Version: v1.7.0

Use a knowledge graph for collection retrieval

Graph RAG builds a knowledge graph from entities and relationships in collection documents.
You can use Graph RAG to retrieve context across documents when standard retrieval returns isolated chunks.

Overview

Graph RAG uses two retrieval signals:

Standard hybrid search (vector + lexical).
Graph based traversal across connected entities.

Use Graph RAG when you need reasoning across documents:

Your answer depends on facts from multiple documents.
Your data has indirect relationships across projects, vendors, and customers.
Your collection is large and standard RAG misses connected context.

How Graph RAG works

Graph RAG runs in two phases.

Phase 1: Graph building

When you build a knowledge graph, Enterprise h2oGPTe:

Sends each document chunk to an LLM for entity extraction.
Merges entities and relationships into one graph.
Embeds entity descriptions for retrieval.
Stores the graph in object storage (MinIO/S3).

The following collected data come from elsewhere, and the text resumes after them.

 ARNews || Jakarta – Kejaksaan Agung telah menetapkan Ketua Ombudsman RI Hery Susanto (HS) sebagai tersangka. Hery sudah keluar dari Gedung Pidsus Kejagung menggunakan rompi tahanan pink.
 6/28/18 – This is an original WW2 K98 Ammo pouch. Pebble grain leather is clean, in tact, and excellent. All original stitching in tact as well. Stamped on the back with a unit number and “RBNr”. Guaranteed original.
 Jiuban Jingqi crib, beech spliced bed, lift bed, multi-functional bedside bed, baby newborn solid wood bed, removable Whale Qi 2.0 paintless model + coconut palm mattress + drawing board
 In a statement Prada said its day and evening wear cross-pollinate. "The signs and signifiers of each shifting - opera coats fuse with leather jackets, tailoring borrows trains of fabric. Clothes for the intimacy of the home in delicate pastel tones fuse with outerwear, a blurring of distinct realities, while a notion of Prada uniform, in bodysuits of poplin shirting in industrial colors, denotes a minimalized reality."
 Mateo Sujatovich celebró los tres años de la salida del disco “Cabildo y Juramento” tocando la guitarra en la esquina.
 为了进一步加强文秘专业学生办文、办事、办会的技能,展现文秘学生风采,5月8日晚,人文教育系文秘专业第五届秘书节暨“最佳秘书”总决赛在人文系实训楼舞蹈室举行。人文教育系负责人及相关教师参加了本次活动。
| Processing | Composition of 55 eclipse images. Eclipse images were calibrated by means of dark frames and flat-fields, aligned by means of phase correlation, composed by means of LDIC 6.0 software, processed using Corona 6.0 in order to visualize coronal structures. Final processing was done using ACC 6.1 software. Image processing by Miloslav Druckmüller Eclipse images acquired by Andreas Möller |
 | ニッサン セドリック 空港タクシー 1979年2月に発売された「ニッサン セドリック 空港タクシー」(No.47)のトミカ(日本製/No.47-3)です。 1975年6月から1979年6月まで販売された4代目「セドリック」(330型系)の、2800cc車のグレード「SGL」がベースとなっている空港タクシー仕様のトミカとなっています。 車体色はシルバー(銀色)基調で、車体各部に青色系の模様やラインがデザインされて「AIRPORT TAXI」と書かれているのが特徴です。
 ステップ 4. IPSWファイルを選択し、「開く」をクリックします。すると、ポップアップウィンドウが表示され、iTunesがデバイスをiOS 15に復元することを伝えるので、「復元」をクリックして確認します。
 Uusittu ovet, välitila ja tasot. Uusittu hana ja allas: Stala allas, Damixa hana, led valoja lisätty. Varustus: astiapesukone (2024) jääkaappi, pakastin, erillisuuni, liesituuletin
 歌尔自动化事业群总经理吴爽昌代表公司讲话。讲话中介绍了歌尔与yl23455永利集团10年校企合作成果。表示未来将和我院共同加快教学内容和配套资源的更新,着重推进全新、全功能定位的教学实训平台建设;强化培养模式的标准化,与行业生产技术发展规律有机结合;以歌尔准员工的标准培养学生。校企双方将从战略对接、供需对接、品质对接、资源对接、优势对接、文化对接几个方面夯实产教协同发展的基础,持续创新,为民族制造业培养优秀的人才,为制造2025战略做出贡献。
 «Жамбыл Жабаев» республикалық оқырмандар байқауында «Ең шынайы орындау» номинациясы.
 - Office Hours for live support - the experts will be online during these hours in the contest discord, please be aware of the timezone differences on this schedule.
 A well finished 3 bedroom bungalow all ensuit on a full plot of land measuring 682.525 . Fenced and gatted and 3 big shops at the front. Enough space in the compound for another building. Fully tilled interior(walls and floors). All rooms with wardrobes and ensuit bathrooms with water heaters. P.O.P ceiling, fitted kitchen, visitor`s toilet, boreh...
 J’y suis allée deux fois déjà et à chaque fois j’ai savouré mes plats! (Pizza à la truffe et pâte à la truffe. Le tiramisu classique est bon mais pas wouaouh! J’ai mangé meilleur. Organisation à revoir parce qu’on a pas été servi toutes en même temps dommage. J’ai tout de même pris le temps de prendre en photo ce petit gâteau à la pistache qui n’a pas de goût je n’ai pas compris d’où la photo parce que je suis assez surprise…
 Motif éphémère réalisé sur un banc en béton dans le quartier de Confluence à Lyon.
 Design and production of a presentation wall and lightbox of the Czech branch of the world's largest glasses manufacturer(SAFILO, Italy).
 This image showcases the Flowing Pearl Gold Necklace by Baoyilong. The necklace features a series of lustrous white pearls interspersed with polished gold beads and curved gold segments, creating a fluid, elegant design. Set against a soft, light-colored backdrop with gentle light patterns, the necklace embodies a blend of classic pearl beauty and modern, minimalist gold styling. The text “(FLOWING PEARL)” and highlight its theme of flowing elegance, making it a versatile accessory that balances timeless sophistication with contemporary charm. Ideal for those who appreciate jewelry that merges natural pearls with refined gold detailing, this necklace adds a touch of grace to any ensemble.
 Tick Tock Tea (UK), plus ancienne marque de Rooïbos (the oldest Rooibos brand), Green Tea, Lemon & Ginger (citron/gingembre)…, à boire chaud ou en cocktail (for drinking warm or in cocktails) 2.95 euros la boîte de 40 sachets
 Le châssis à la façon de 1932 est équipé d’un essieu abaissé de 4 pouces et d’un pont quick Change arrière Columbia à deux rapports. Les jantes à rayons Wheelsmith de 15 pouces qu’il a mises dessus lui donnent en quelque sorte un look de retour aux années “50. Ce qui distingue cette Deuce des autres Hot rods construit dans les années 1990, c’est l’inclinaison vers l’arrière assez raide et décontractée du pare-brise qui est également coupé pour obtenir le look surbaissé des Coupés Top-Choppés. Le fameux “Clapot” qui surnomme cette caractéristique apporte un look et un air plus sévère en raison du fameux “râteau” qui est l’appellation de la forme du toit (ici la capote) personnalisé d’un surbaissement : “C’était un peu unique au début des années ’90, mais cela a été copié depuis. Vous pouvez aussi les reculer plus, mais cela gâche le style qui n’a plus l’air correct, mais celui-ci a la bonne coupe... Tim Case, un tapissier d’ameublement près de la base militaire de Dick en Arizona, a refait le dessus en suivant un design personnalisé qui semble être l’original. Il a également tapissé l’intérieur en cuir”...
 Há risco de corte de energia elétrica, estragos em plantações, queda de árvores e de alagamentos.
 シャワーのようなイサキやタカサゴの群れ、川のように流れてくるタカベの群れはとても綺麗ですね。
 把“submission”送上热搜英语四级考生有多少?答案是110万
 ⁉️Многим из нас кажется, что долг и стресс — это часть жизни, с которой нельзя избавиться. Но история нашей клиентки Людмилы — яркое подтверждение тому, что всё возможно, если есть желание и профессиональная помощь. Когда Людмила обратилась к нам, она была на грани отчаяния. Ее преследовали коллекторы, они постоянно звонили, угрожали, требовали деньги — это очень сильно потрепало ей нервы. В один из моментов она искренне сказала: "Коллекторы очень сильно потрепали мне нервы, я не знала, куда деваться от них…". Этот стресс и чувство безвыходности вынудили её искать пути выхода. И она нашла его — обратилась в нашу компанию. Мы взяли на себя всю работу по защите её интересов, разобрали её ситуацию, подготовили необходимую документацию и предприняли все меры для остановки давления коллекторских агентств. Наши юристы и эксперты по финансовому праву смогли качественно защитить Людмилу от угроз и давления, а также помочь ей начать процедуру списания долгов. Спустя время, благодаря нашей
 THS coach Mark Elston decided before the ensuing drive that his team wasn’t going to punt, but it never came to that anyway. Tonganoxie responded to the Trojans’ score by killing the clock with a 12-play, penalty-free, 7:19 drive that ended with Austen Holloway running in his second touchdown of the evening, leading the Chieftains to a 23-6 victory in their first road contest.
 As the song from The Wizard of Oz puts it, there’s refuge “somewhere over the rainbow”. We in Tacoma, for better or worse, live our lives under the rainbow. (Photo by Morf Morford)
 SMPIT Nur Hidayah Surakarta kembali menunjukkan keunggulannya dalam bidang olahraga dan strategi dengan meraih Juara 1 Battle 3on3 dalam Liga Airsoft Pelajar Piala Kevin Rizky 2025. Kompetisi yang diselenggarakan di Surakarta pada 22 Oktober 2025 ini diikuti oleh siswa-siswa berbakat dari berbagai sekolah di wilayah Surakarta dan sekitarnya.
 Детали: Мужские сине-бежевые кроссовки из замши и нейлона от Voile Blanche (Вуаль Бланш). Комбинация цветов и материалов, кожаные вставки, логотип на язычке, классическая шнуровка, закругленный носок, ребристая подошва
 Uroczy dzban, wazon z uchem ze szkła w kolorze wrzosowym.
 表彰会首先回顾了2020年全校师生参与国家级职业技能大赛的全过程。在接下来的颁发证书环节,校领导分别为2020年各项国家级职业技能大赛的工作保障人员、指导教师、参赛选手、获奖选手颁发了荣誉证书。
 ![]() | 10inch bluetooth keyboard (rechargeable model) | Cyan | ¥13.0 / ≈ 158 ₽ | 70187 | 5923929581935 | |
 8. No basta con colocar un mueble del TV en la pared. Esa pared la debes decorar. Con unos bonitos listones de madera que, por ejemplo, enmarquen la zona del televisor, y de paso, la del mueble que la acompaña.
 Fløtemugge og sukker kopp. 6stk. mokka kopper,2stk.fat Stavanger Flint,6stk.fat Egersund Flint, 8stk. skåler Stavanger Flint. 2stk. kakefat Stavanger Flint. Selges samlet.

Phase 2: Graph augmented retrieval

When you query with Graph RAG, the system:

Runs standard hybrid search to retrieve top chunks.
Runs a graph query to find related entities.
Expands retrieval with chunks linked to those entities.
Adds graph analysis to the LLM context.
Generates a response from chunk context and graph context.

Build a knowledge graph

Prerequisites

You have a Collection with ingested documents.
Your deployment has at least one LLM for entity extraction.

Steps

Open the target Collection page.
Open the action menu (three-dot icon) next to Add Documents in the Documents section.
Click Build Knowledge Graph.
Select the LLM for entity extraction.
Start the build.

You can also build the graph from the Chat side panel. Open the action menu next to Add Documents in the Documents section of the side panel.

If the action is not available

If you do not see Build Knowledge Graph in the action menu, verify your role permissions. Ensure that at least one extraction LLM is configured and available. Ask your administrator to enable Knowledge Graph for your deployment version.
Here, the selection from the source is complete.